1.1.2. Challenge of supervised learning

How does supervised learning work? In other words, how can we learn to predict? Let’s break down this process step by step.

Data Collection: We start with a collection of n training examples. Each x_i is a multi-dimensional vector encompassing various features, and y_i is either a numerical value for regression problems or a class label for classification problems.
Model Building: Our objective is to create a model f that encapsulates the relationship between the input features x and the corresponding output y. This model is parametrized by w. The primary goal is to learn the optimal values of w from our training data.
Objective Function: But how do we determine the optimal w? We formulate an objective function F(w) that quantifies the discrepancies between our predictions and the actual outcomes. For regression, the mean squared error (MSE) is commonly used. It quantifies the squared difference between the observed y and the prediction f(x). For classification, we can use the zero-one loss (1 if the prediction is correct, 0 otherwise) or the log loss when f(x) represents probabilities.
Optimization: The task at hand now involves finding the optimal w that minimize our objective function F(w). In simple cases, like linear regression, this minimization might have a closed-form solution. Logistic regression, a more complex case, is solved by an iterative algorithm, which is shown to converge to the optimal solution. If the loss function lacks a gradient, surrogate functions can be employed. While gradient descent may find local minima, it works out well in practice.

Up to this point, supervised learning seems straightforward. So, why is it difficult?

While we’ve approached learning as an optimization problem based on minimizing training error, our ultimate goal is to minimize error on unseen, future data – the test data.

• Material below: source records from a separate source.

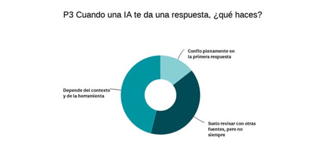 Otro punto para tener en cuenta es que el 40% afirmó compartir con frecuencia o esporádicamente información personal y laboral con la Inteligencia Artificial (el 17% siempre, y el 25% a veces). Además, casi el 60% no lee las políticas de privacidad y solo la mitad de las personas toma una medida concreta para proteger su información.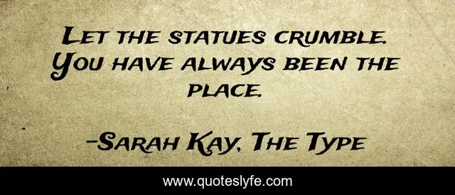 This page presents the quote "Let the statues crumble. You have always been the place.". Author of this quote is Sarah Kay, The Type. This quote is about self-love, love, i, self, identity, affection,.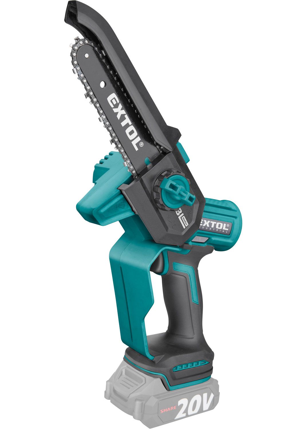 Az akkus láncfűrész az egy azonos Li-ion akkumulátorról működtethető SHARE 20 V akkus kéziszerszám család tagja.

And here’s where the conundrum lies.

The primary concern in supervised learning is that the training error (how well the model fits the training data) often underestimates the test error (how well the model generalizes to new data). By solely focusing on minimizing the training error, one might achieve a near-zero error rate for the training data but find that the model performs poorly on the test data. This phenomenon is well-known as “overfitting.” Essentially, the model has become too attuned to the noise in the training data, leading to poor generalization to the test data.

Subtle Differences Between Learning and Optimization

While optimization plays a crucial role in the learning process, it is essential to distinguish between learning and optimization. Central to this is our characterization of the objective function. Rather than denoting it simply as \(F(w)\), it’s more apt to represent it as \(F_n(w)\). The importance of this distinction lies in the fact that \(F_n(w)\) is a metric we get from a random training sample of size n. As the sample size grows, the average loss \(F_n(w)/n\) converges to the expected loss over an infinite number of samples. This expected loss is the genuine objective function we aim to minimize.

The fact that \(F_n(w)\) is merely an approximation of the true objective function is pivotal. In many situations, it might not be necessary, or even advisable, to push for a stringent optimization of \(F_n(w)\). This is particularly evident when we observe that sometimes suboptimal solutions, like those yielded by gradient descent, can still deliver good results.